My Life

Beer Bottle Bonanza

My father was never much of a drinker. In fact, unless we had company coming we never usually even had alcohol in the house. But during the summertime when we would get word that the aunts, uncles, and grandparents were going to be making their annual pilgrimage down from Cohoes, NY to visit us, my father would go out to buy a case of beer.

Company would come, the beer would be consumed, and the case of empties would be brought downstairs. No one ever seemed to get around to taking them back from whence they came, and so over the years, one case at a time, they slowly piled up in the cellar.

It just so happened, during those years, that as the bottle collection grew, so, too, was I growing. Growing from infant to toddler, to young child, to a kid old enough to realize the value of an empty bottle.

Bottles were worth money. Take back a small bottle and they gave you two cents. Take back a large one and they gave you a nickel. Not a bad way to supplement an allowance, especially when back then the allowance in question amounted to 25-cents a week.

You could call me a lot of things back in the mad impetuous days of my youth. Things like stubborn, unpredictable, impossible, and precocious (my word here – I believe the term generally used was less flattering), to name just a few, but one thing you could never call me was slow. My mind was always working and there was always an adventure on the horizon.

I almost never went into our cellar. To be honest, the place gave me the creeps. Dark and spooky with a packed dirt floor and cobwebbed ceiling, it always made my flesh crawl.
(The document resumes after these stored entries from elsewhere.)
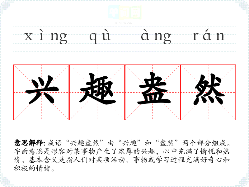 成语“兴趣盎然”由“兴趣”和“盎然”两个部分组成。字面意思是形容对某事物产生了浓厚的兴趣,心中充满了愉悦和热情。基本含义是指人们对某项活动、事物或学习过程充满好奇心和积极的情绪。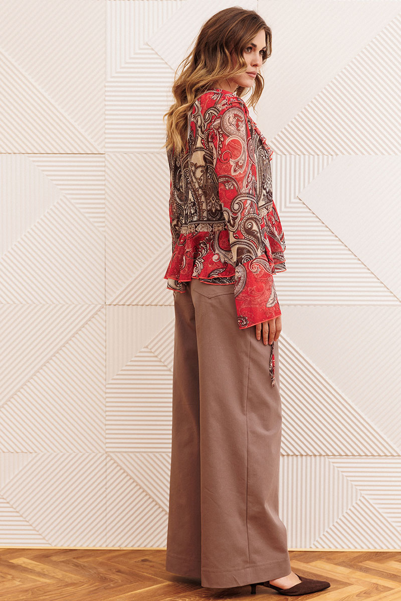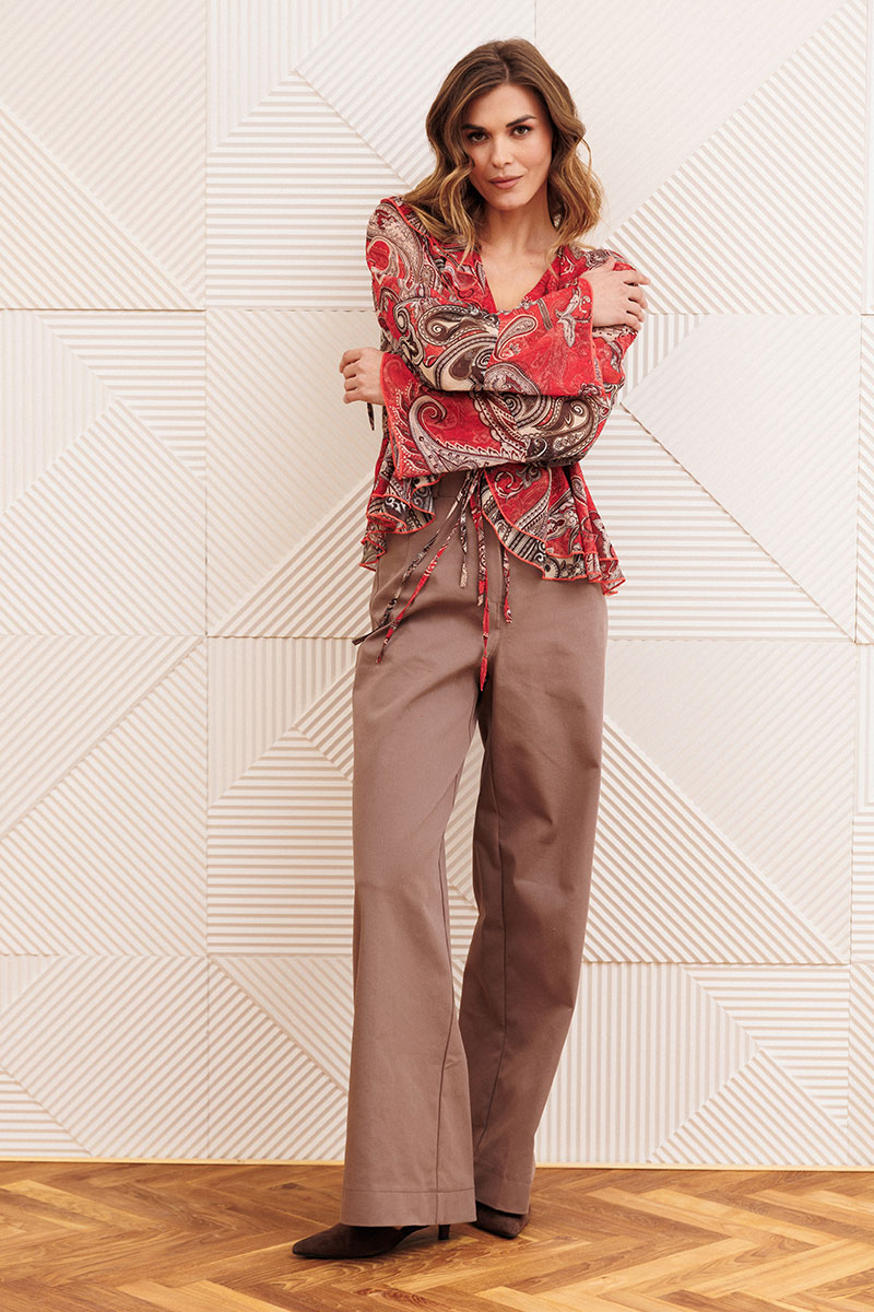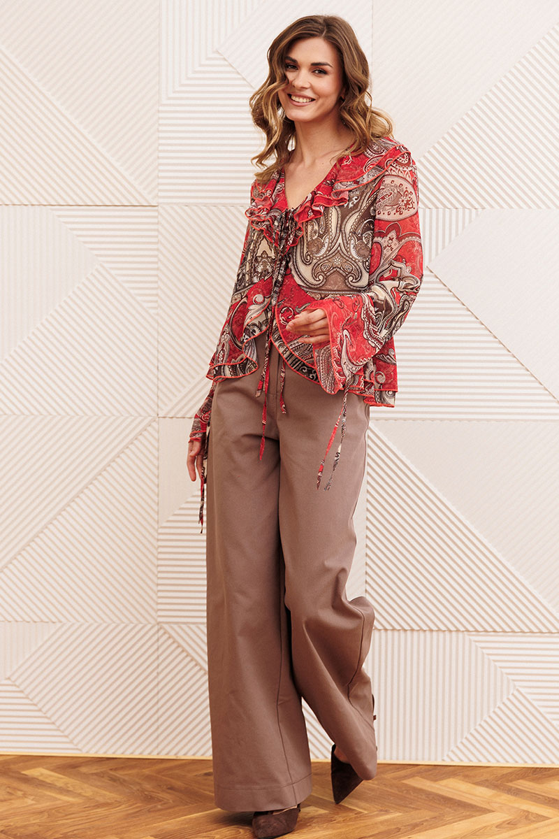 Блузка свободного силуэта в стиле бохо. Перед с нагрудными вытачками. Вдоль горловины, вдоль борта с переходом на спинку двойные рюши. Блузка спереди на завязках. Рукав втачной одношовный. Низ рукава с притачной рюшей и завязками.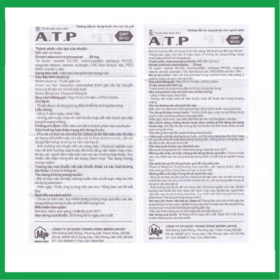 A.T.P 20 mg của Công ty Cổ phần Dược Trung ương Mediplantex, thành phần chính là Dinatri adenosin triphosphate, có công dụng điều trị suy tim, hoạt động cơ kém, bệnh lý dạ dày… Thuốc còn được chỉ định dùng trong điều trị hỗ trợ chứng đau lưng.

My fertile brain could only imagine what might be lurking there waiting to pounce as I crept through. But when I was around ten years old I apparently had occasion to go down there, spotted the stock of empties, and realized that I was gazing upon a true bonanza. What looked like dusty old bottles to most people looked like untold riches to me, and with my sister Joan’s help, plans were soon put into effect to mine this mother lode.

There were two factors here that were of invaluable aid.

First was the fact that our best pal Ricky, another mischievous kid who never needed to be asked twice, had a wonderfully functional red wagon, and both he and the wagon were at our disposal.

Second was the fact that our small town had no shortage of barrooms. There was a wealth of them scattered across the landscape, all within easy walking distance, and back then you could cash your beer bottles in at any one of them. Don’t ask me how we, as little kids, knew this, but we did, and we put that knowledge to good use.

And so it was that one fine morning, unbeknownst to our parents, we began hauling beer bottles. We would fill the wagon to capacity and the three of us would tow it to the nearest bar and convert it to cash. Then we would go back for another load and take it to the next barroom along the road. One load per bar, one wagonful at a time, until the cellar was empty and our pockets bulged with more cash than we had ever possessed in our lives. There had to have been at least four or five dollars there, all of it in loose change and we couldn’t wait to start spending it.

We bought presents for everyone and we were so proud of ourselves, we were nearly bursting with it as we headed home.

My mother’s reaction, however, was like a dash of cold water and just as unexpected. Here we thought we had done something great. We had cleaned the cellar, made a pile of money, and we were showering the family with gifts.

All she could think of though was the sight of wagonload upon wagonload of beer bottles being carted out of her cellar and how it must have looked to the neighbors.

“What will the neighbors say?” she wailed, no doubt answering her own question with the logical, “They will think we’re closet drinkers!” She was mortified then, and the thought no doubt still has the power to mortify her to this day.

The relatives from New York continued to visit us every summer, and I am sure my father continued to buy beer in anticipation of their arrival, but I don’t recall ever seeing empties piled up again. The thought of another public expose seemed to have changed their bottle collecting habits forever, and Joan and I were out of business.